I know my official job is to educate my kids, not to be their friends, but this is a kid (well, he’s 19, so kid is a relative term) who’s never taken school seriously before. And here he is, participating in class, turning in his homework more than 50% of the time according to his teachers, and generally being a rockstar. So if him feeling loved is helping, then whatever, I will send him heart post-it notes in the hallway that say “have a good day!” Also, I’m glad that, in some way, he felt loved/inspired in my class.
Mostly what I’m working on/swamped with right now is the fact that there’s one of me, one special ed teacher in the whole school. Unofficially, I’m the Special Ed Liaison, and I don’t know how to do that entire job while still teaching. It’s annoying because it gets in the way of me just being as good a teacher as I possibly can be. I’m getting a lot better at writing good lesson plans, and at knowing what ways to introduce material so that students will remember it and get into it.
But the PAPERWORK. The figuring out which students “need” resource rooms as opposed to others? (They could ALL use the extra help), the re-scheduling students so they get those special ed “minutes” that their IEPs require, the re-writing of those IEPs so they reflect the restrictive environment of our school, the progress monitoring of students I never see because I don’t teach them, and these things called “PLPs” our school has started with us (personalized learning plans; basically non-legal IEPs) that add another mound of paperwork.
I think this week I need to remember the mentality that this is my job, not my entire life. Yes, it’s more than a job because I care about my kids, but it’s not what I come home to. And when I make it into that, it makes me a worse teacher because I’m tired, cranky, and resentful.
Finding a balance, that’s what’s important. Doing what I need to do for me, and doing what I need to do for my kids. If this is something that I want to do for more than just two years (and I think that it is), I need to figure out how to do that.

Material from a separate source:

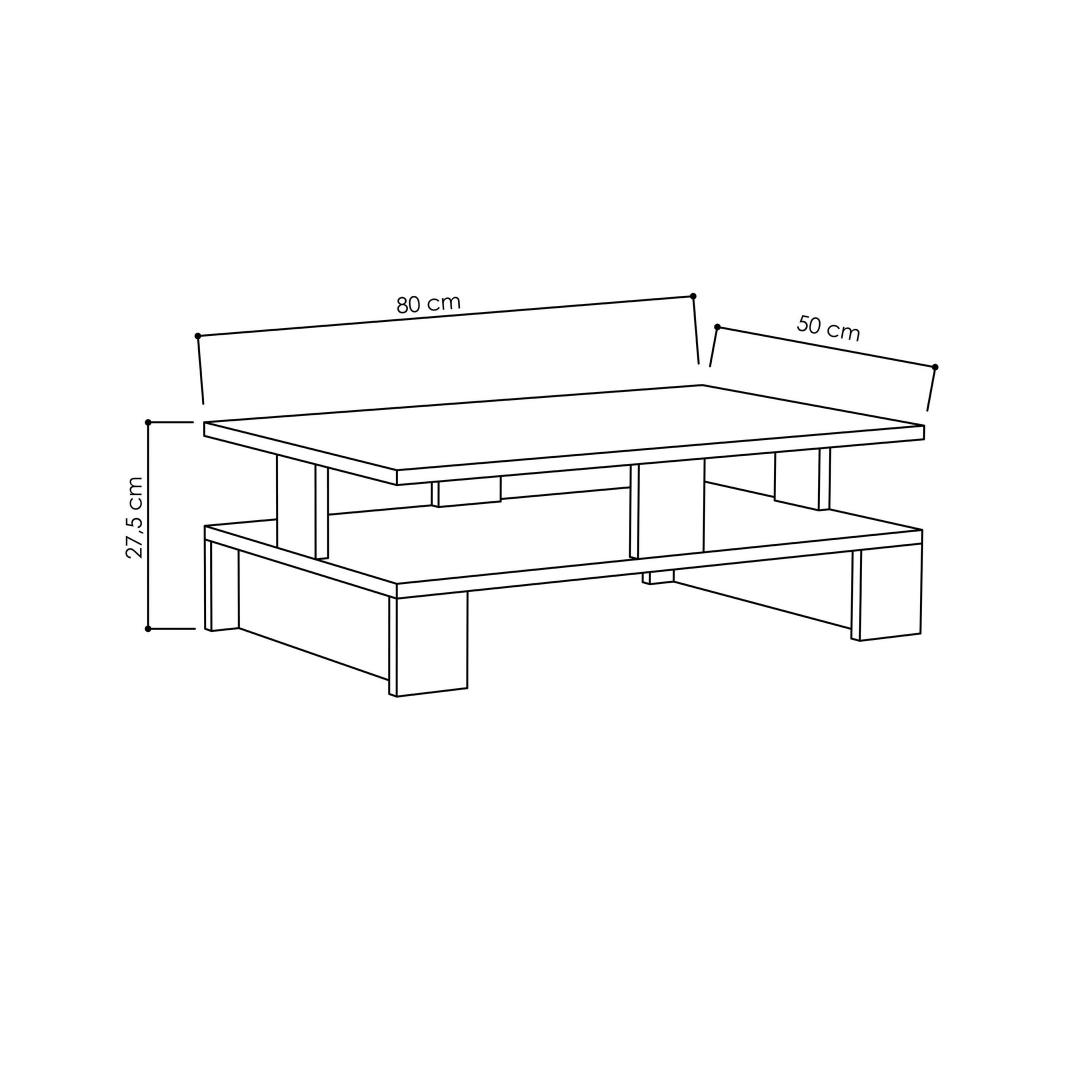With a width of 80 cm, height of 27.5 cm, and depth of 50 cm, this coffee table is designed to fit seamlessly into any space. Whether you have a small apartment or a spacious living room, this versatile piece will effortlessly adapt to your needs.

So, on that note, I’m going to have the best week that I can, and I hope all of you do too
lots of love,
Miss SBT
James
January 25, 2010
Big sis, you rock!
ZDugan
January 27, 2010
This might seem like strange advice but my aunt recently reminded me that my grandpa used to say “don’t work too hard, just steady.” And I guess it just goes along with when you’re saying it’s your job, not your life. No matter how much you love it, be sure to do the little things that make your life special to you.
sbteaches
February 3, 2010
I like your grandpa’s saying. Thanks ZDugs!